Jokonya and Matshalaga’s remarks were consistent with those of deputy Information minister Bright Matonga last week, showing that Charamba reflected Mugabe’s isolationist thinking.
Sources said the popular view in government was for engagement, not digging in heels and burying heads in the sand.
Annan — who indicated this week he was still coming to Harare despite attempts to block him — called United Nations Development Programme (UNDP) country resident representative Agostinho Zacarias to the UN headquarters in New York for talks over the Zimbabwe situation.
The UNDP, a UN development agency, has five areas covering its mandate in Zimbabwe, namely democratic governance, poverty alleviation, crisis prevention, energy and environment, and HIV/Aids.

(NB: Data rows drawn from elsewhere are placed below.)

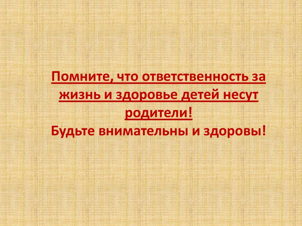 Помните, что ответственность зажизнь и здоровье детей несут
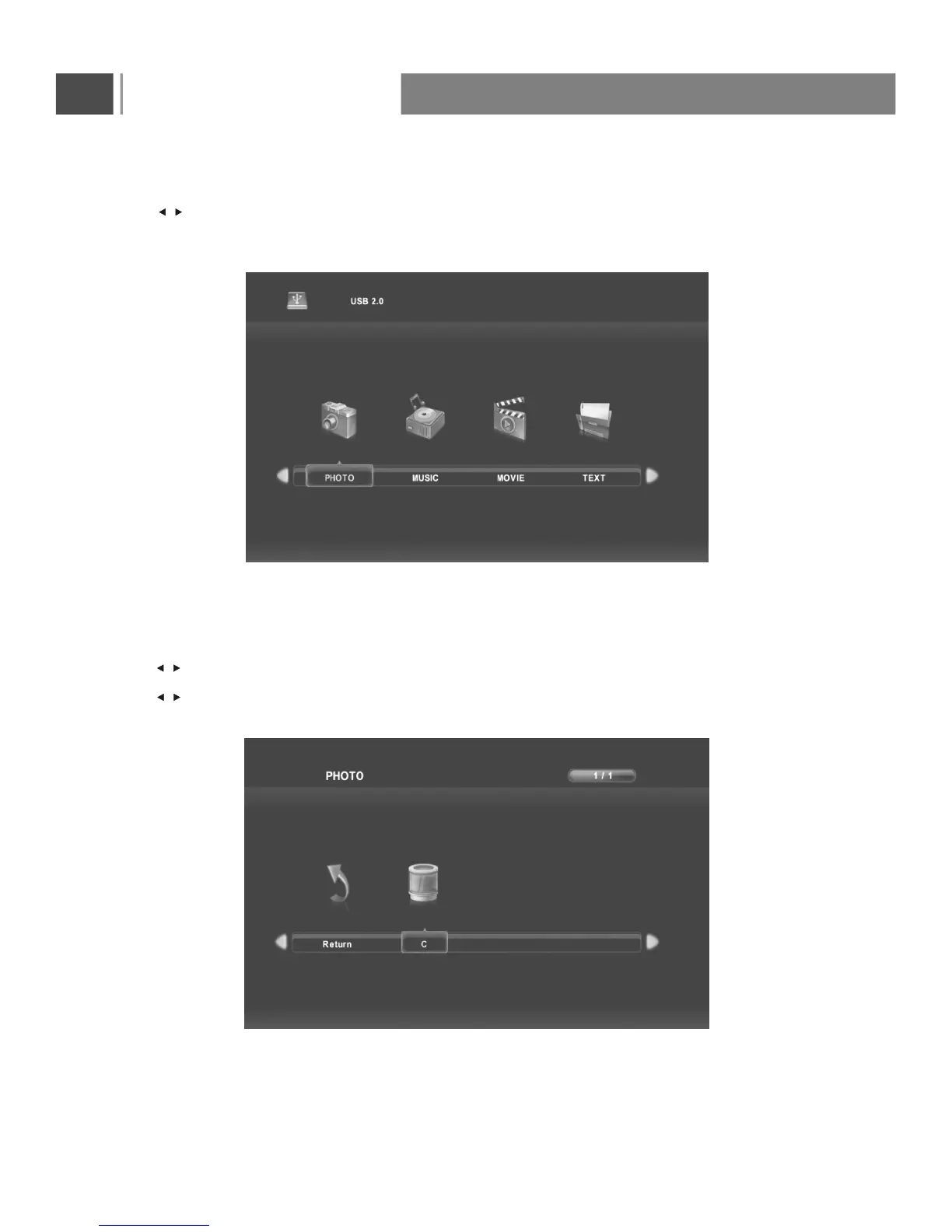 Press button to select PHOTO in the main menu, then press Enter button to enter.
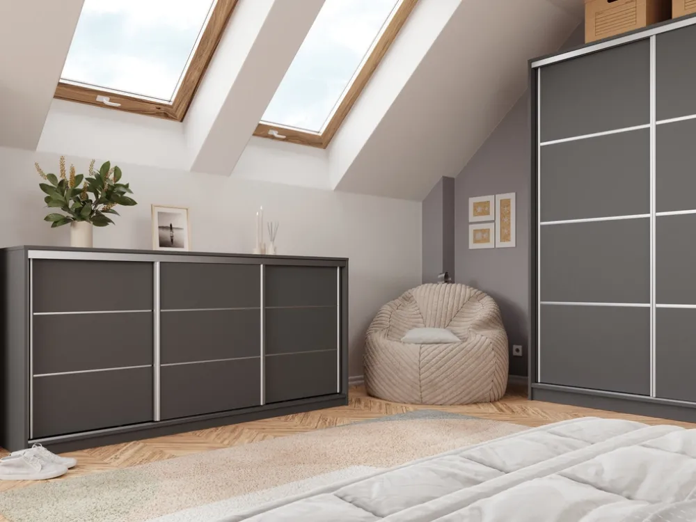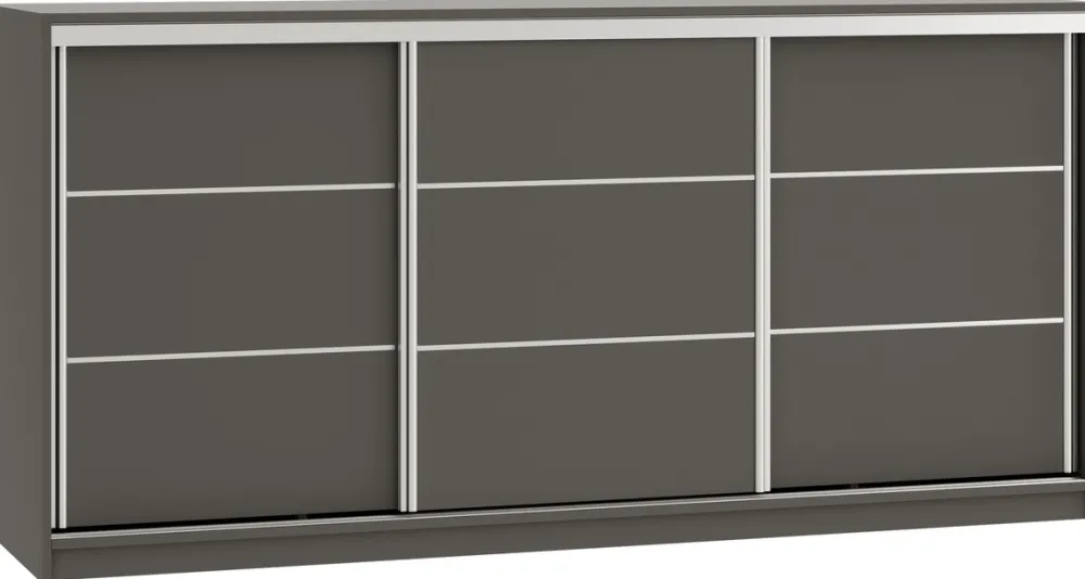 Komoda przesuwna TOP o szerokości 200 cm to propozycja, która łączy elegancki wygląd z praktycznymi rozwiązaniami. Trzy drzwi osadzone na metalowym systemie przesuwnym w srebrnym kolorze wprowadzają nowoczesny akcent i gwarantują łatwy dostęp do przechowywanych rzeczy

Diplomatic sources said Zacarias left on Monday for discussions on how to move forward in view of rising tensions over the Mugabe/Annan meeting.
The move came as Tanzania, whose former president Benjamin Mkapa is trying to arrange a meeting between Mugabe and British Prime Minister Tony Blair, also summoned its ambassador to Harare, Retired Brigadier-General Hashim Mbita, for consultations as well.
Jokonya confirmed Mkapa was mediating between Harare and London, as first revealed by the Zimbabwe Independent last week. Mugabe has said he wants to “build bridges” with Blair. It is understood that Mugabe believes a meeting with Blair might open the way for Zimbabwe to climb out of international isolation and start economic reconstruction.
Sources said the church leaders who recently met with Mugabe were also helping Harare to “build bridges” with the European Union. The church leaders met EU and Tanzanian officials on Tuesday to discuss ways of resolving the local crisis. The clergymen also had a meeting yesterday at a local hotel over the same issue. Regional church leaders are part of the process.
Mbita, who left the country on Sunday, is expected to be replaced by a new ambassador as Dar-es-Salaam seeks to push for a resolution of the current situation.
Sources said Tanzanian President Jakaya Kikwete was getting impatient with the Zimbabwe situation which has been on the regional agenda for six years.
Sources said Mugabe, who initially invited Annan last September to assess the impact of Operation Murambatsvina, now wants Annan to persuade the United States and EU to drop targeted sanctions against him and his ministers as one of the conditions for talks.
The sources said Mugabe has tasked Jokonya, who together with Mbita got the Mkapa mediation underway, to engage UN political affairs under-secretary Ibrahim Gambari on the sanctions issue before there can be any dialogue with Annan.
Jokonya told VOA he had been in touch with Gambari and suggested the removal of sanctions was key to a Mugabe/Annan summit.
Gambari met with Foreign minister Simbarashe Mumbengegwi in South Africa in April in a bid to arrange an Annan visit. Gambari also met with South African President Thabo Mbeki who said Annan was now the main hope for the resolution of the Zimbabwean crisis.
Mbeki, who has been trying for the past six years to find a breakthrough on Zimbabwe, had talks with Blair last week over the crisis after similar discussions with Blair and Annan in South Africa recently. South African officials have of late been speaking openly about the Zimbabwe crisis, showing growing displeasure.
Mbeki’s deputy, Phumzile Mlambo-Ngcuka, said this week South Africa could do little to protect itself from the consequences of an economic collapse in Zimbabwe, suggesting the issue had to be resolved urgently. “I don’t even know if we can shield ourselves in that way because we cannot really close our border for instance,” she said.
“What South Africa can do is to give Zimbabwe the best support possible to be able to reconstruct if something like that were to happen. But I don’t think we can really shield ourselves. We cannot keep Zimbabweans out of South Africa.”
South African Foreign minister, Nkosazana Dlamini-Zuma, said no one could force Zimbabwe to change its policies.
“There is a problem, there is a challenge, but I do not have all the answers about how to solve Zimbabwe. I think equally none of us has all the answers. The answers lie in the Zimbabweans’ hands,” she said.